Fubo’s latest results point to why the board wants a larger streaming partner. For the March quarter, Fubo posted $1.574 billion in revenue and North America paid subscribers at 5.7 million, down from 5.9 million last year. Net loss was $6.2 million and adjusted EBITDA came in at $37.7 million. Fubo kept its 2026 adjusted EBITDA outlook at $80 million to $100 million, and sees 2028 adjusted EBITDA at $300 million or more.

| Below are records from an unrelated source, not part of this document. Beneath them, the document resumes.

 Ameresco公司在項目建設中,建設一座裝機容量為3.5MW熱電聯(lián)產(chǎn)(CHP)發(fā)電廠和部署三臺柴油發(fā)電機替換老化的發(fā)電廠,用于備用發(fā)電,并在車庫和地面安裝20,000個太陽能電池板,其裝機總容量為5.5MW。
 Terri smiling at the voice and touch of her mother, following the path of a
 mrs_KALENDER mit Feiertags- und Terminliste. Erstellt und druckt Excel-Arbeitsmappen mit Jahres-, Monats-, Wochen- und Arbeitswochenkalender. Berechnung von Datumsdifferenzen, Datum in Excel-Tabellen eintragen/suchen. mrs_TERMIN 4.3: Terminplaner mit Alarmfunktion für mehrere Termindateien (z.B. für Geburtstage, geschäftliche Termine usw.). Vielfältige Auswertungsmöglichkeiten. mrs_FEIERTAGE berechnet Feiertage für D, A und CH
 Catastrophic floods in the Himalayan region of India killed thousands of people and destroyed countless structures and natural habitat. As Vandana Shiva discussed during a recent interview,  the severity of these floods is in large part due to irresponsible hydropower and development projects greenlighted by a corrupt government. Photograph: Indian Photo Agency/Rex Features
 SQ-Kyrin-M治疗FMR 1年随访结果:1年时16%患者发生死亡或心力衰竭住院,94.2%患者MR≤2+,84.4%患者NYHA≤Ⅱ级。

Andy Bird, chairman at Fubo, called the company’s spot after the Hulu + Live TV deal a “pivotal moment.” He described Bowen as a “proven operator.” Bowen said she wants to “sharpen its strategy” in sports, news and entertainment. Gandler said Fubo has built a “dynamic streaming platform” over the last 11 years. Fubo Investor Relations
| Company | Market role tied to Fubo story | Recent quoted move |
|---|---|---|
| FuboTV Inc. NYSE:FUBO | Runs live-TV bundles, listed as a Disney affiliate | $9.52, off about 0.5% |
| Walt Disney Co. NYSE:DIS | Main partner in the ecosystem through Hulu, ESPN, Disney+ | $96.17, slipped about 0.6% |
| Alphabet Inc. NASDAQ:GOOGL | Owns YouTube TV, a direct rival to live-TV bundles | $358.89, fell about 0.9% |
| Fox Corporation NASDAQ:FOX | Owns FOX One, bundled with most Fubo plans and supplies sports, news | $48.44, up around 1.0% |
Fubo shares barely moved late Thursday. But Investing.com noted the stock is down 77% in the past year, with investors watching less for the CEO change and more for progress on margins and scale. Citizens stuck with its Market Outperform rating and $15 price target, pointing to possible Disney deal synergies, Investing.com said.

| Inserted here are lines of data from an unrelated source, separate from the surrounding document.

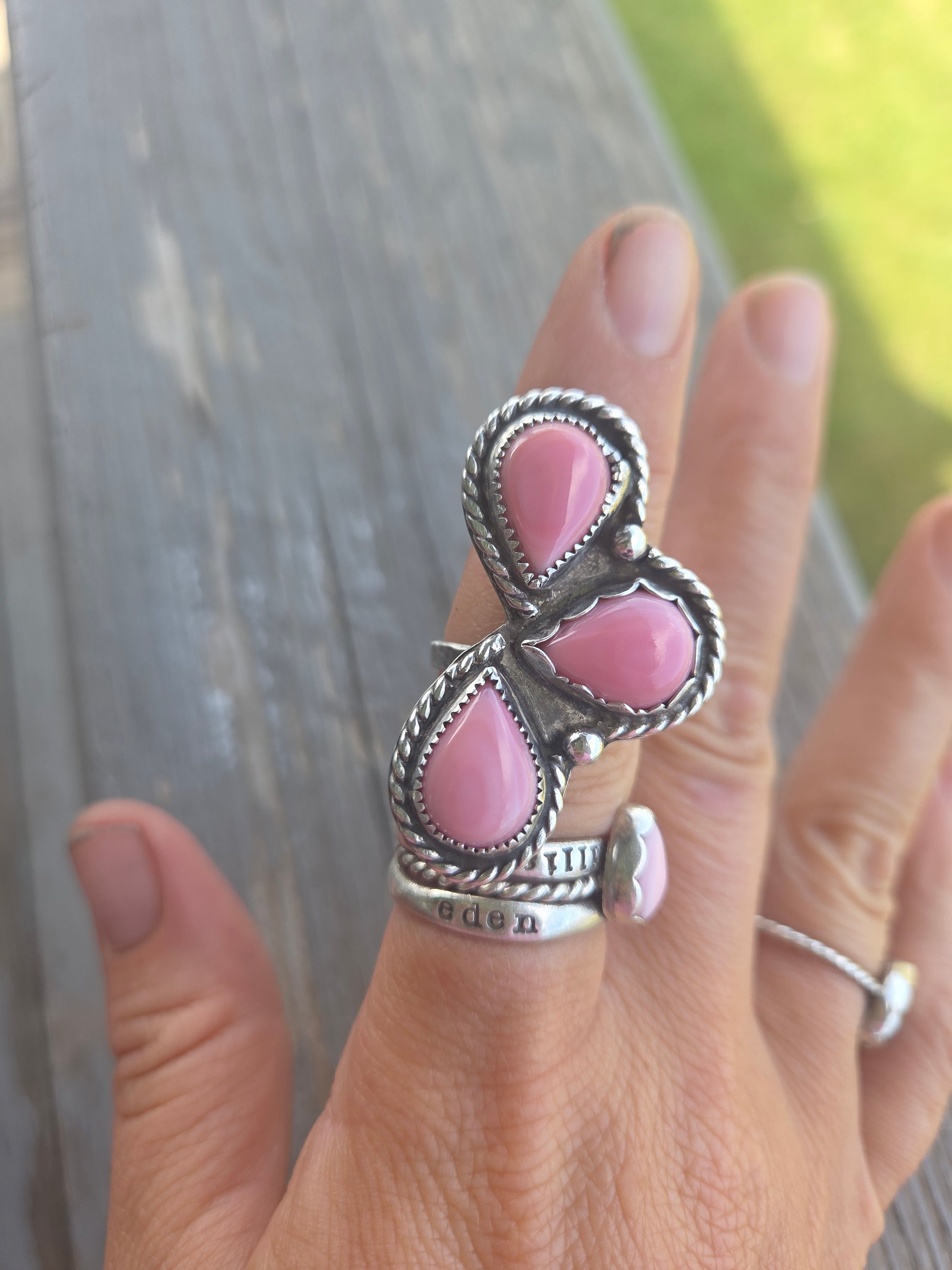 3 Stone Pink Conch Size 7.25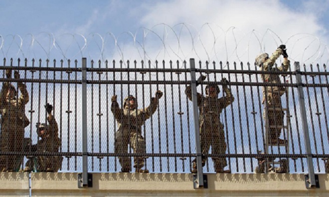 Quân đội Mỹ lắp đặt hàng rào dây thép gai ở biên giới Mỹ - Mexico, khu vực thuộc thành phố McAllen, bang Texas hôm 5/11. Ảnh: Reuters. |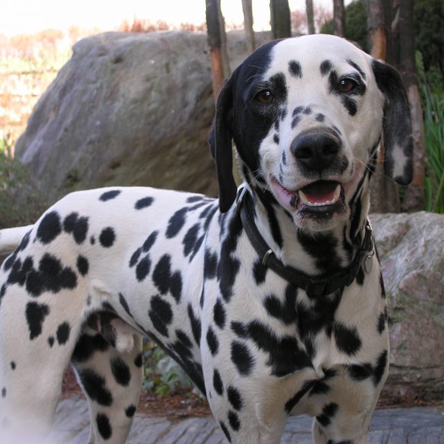 ディズニー映画『101匹のわんちゃん』でおなじみのぶち模様の犬種です。耐久力に富み、活発で、長距離を得意とします。大変頑固なところもあり、知らない人に対しては少々神経質になりがちです。

Gandler’s out at Fubo, effective July 9 as CEO. He’s also left the board, and his name’s off the ballot for the July 28 annual meeting. He’ll get severance under his May 2023 deal—Fubo calls it a termination without cause inside two years after a change in control. The payout includes a pro-rated target bonus, but only if he signs a release and upholds certain conditions. Bowen is set to join the board after the annual meeting if he gets approval.
But Fubo still faces tough risks: it needs to keep subscribers even as content costs move up, pull off the Hulu + Live TV integration without muddying its sports focus, get programming deal renewals at reasonable terms and show that the Disney tie-up adds—rather than limits—choices for minority shareholders. Fubo itself points to profitability, Hulu + Live TV integration, content commitments, subscriber retention and its controlled-company status as risks.